# CS344 - Homework 2
## Andrew Quist
3/8/2019


## 1. spam filter

In [None]:
"""
spamFilter.py

provides a class and test case for spam recognition by using statistical probability models.

author:Andrew Quist
"""

class spamFilterProbability:
    """
    input:  spamCorpus is a list of word vectors that contain spam-related words
            legitCorpus is a list of word vectors that contain non-spam words
    """
    def __init__(self, spamCorpus, legitCorpus):
        size = len(spamCorpus)
        """
        spamdict is the dictionary of spam words, and nbad is the number of spam messages
        """
        self.spamDict = {}
        self.nbad = 0
        for i in range(0, size):
            self.nbad += 1
            for j in range(0, len(spamCorpus[i])):
                word = spamCorpus[i][j].lower()
                if word in self.spamDict.keys():
                    self.spamDict[word] += 1
                else:
                    self.spamDict[word] = 1
        """
        legitDict is the dictionary of non-spam words, and ngood is the number of non-spam messages
        """
        self.legitDict = {}
        self.ngood = 0
        for i in range(0, size):
            self.ngood += 1
            for j in range(0, len(legitCorpus[i])):
                word = legitCorpus[i][j].lower()
                if word in self.legitDict.keys():
                    self.legitDict[word] += 1
                else:
                    self.legitDict[word] = 1

    """
    A simple function that returns the good/bad distribution in the order [num spam words, num non-spam words]
    """
    def getWordFrequency(self, word):
        word = word.lower()
        b = 0
        if word in self.spamDict:
            b = self.spamDict[word]

        g = 0
        if word in self.legitDict:
            g = self.legitDict[word]

        return [b, g]

    """
    Calculates the probability that the word is from a spam email. if not found in either realm,
    the function returns .05
    """
    def getWordProbability(self, word):
        comparison = self.getWordFrequency(word)
        b = comparison[0]
        g = comparison[1] * 2

        if (b + g) != 0:
            answer = max(0.01, min(0.99, min(1.0, b/self.nbad) / (min(1.0, g/self.ngood) + min(1.0, b/self.nbad))))

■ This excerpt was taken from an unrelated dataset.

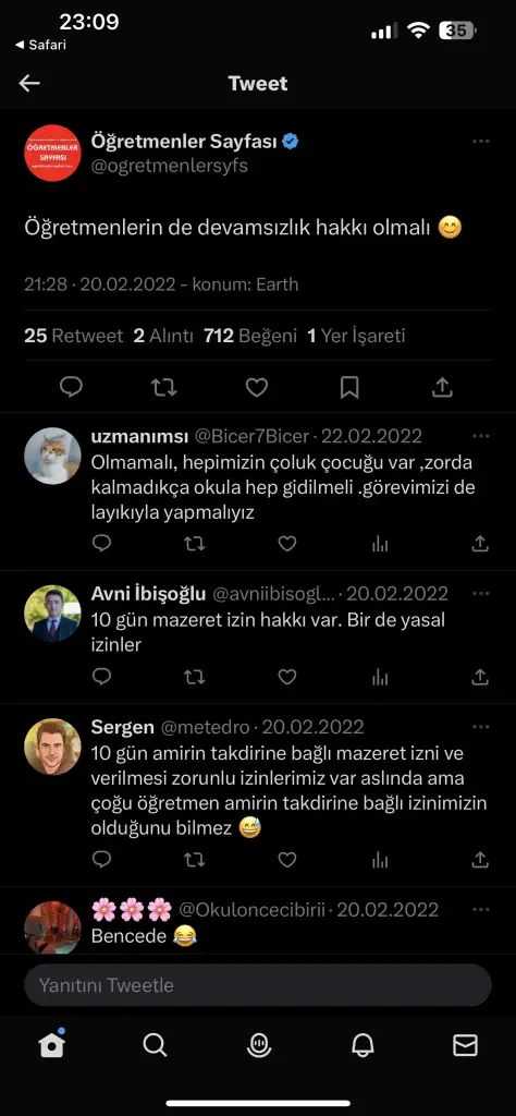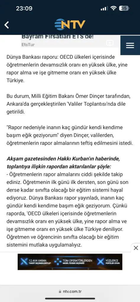 Tmm cnm öyle biseu yok. Milli eğitim bakanı yalan söylüyor. Dünya bankası raporu en cok devamsızlık yapılan mesleğin de öğretmenlik oldugunu rapor ediyor. Amaa aaa olur mu onlarda kimmis. Kk daki kadınlar herseyi bilir… ya rica edeceğim beni etiketlemeyin. Kendi kendine konus. Hatta meb e yaz sikayetini bu haberler neden cıkmıs, haberi yapanı da sikayet fln et ok hadi

            if answer >= 1:
                answer = .99
            elif answer <= 0:
                answer = .01

            return answer
        else:
            return 0.5
    """
    returns a list of [word, probability] for all words in the full text
    """
    def getProbabilityList(self, fullText):
        allWordProbabilities = {}
        for i in range(0, len(fullText)):
            newWord = fullText[i]
            if newWord not in allWordProbabilities:
                allWordProbabilities[newWord] = self.getWordProbability(newWord)
        answerList = []
        for key, value in allWordProbabilities.items():
            temp = [key, value]
            answerList.append(temp)
        return answerList

    "returns the combined probability of all words, gives an estimate on how likely that the message is spam."
    def getCombinedProbability(self, fullText):
        probList = self.getProbabilityList(fullText)
        product = 0
        invProduct = 0
        for word in probList:
            if product != 0:
                product *= word[1]
            else:
                product = word[1]
            if invProduct != 0:
                invProduct *= (1 - word[1])
            else:
                invProduct = (1 - word[1])
        return product / (product + invProduct)

spamTest = spamFilterProbability([["I", "am", "spam", "spam", "I", "am"], ["I", "do", "not", "like", "that", "spamiam"]], [["do", "i", "like", "green", "eggs", "and", "ham"], ["i", "do"]])
testBody = "I am not spam spamiam please don't delete me"
testBody2 = "I like you and also green eggs and ham"

Implementation code here:

In [None]:
print("The word probability of 'I':")
print(spamTest.getWordProbability("I"))
print("\nThe word probability of 'Spam':")
print(spamTest.getWordProbability("Spam"))
print("\nThe list of probabilities for testBody:")
print(spamTest.getProbabilityList(testBody.split()))
print("\nThe combined probabilities of testBody (likelihood of it being spam):")
print(spamTest.getCombinedProbability(testBody.split()))

print("\nThe list of probabilities for testBody2:")
print(spamTest.getProbabilityList(testBody2.split()))
print("\nThe combined probabilities of testBody2")
print(spamTest.getCombinedProbability(testBody2.split()))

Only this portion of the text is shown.